Because we tell Bible stories to children the suggestion is that the Bible is an easy book to understand. If that was ever the case it is much more difficult today, because we know so much more, or like to think we do, about what makes the world tick.

One of my favourite books is “Mr Golightly’s Holiday” by Salley Vickers. As you read through, the hidden identity of the main character is revealed. It is an intriguing and daring story about love, loss and loneliness, with the big questions of life and death vibrating throughout.

We have just celebrated Easter and now, in May, we are leading up to Ascension Day and the days that follow with the coming of the Holy Spirit and the Birthday of the Church at Pentecost. We are also getting ready to welcome our New Diocesan Bishop The Rt. Revd Libby Lane at a special service in the Cathedral on 25 May, so save the date! After this service Bishop Libby has planned to visit many different parishes and deanery events during the 10 days of “Thy Kingdom Come”, the Archbishops Call to prayer between Ascension and Whitsunday.
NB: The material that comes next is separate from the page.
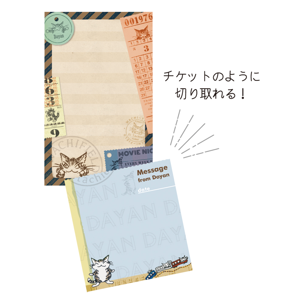 1枚に上下異なるデザインで、ミシン目のところをチケットのように1枚1枚ちぎって使うことができるメモ。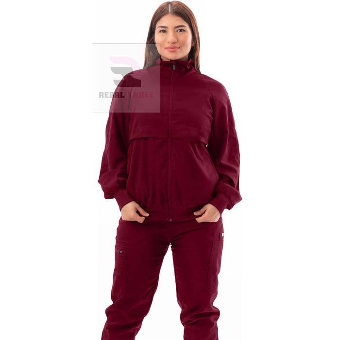 เสื้อแจ็คเก็ตพยาบาลแบบซิป ผ้าสแปนเด็กซ์/ผ้าฝ้ายออร์แกนิค แบบยูนิเซ็กซ์ เป็นมิตรกับสิ่งแวดล้อม

So during this time we follow the story from the cross and the pain, the first Easter morning to a realisation that Christ is among us and known in the breaking of bread.

Of course if the story had been left with Jesus’ death on The Cross, nothing more would have happened, that ending wouldn’t have done! It is the resurrection that allowed the faith of the disciples to live on and carry on the message of Jesus. The resurrections of the past and the future are central in Christian believing. Each is significant in its own way. But each is edged in mystery.

The Biblical accounts of Jesus’ resurrection are a mystery. They can be interpreted in a variety of ways and the encounters of Jesus by the disciples are varied. Sometimes he seemed to be flesh and blood present with them, on other occasions his presence was much more ethereal and hard to determine.

When we think of life beyond death we inevitably speculate. Christian people live with the mystery of faith. On the one hand we affirm God’s supernatural appearance, but on the other hand we are all too well aware that the natural order isn’t usually open to that kind of adaptation.

Faith means that we look to a time when these two points can be reconciled. The first disciples trusted in faith, and because of this they were able to carry the story on. Faith is trust in God with all that we know to be true from the gospel story, and we trust Him with all that we can’t yet understand, and believe that one day it will be resolved.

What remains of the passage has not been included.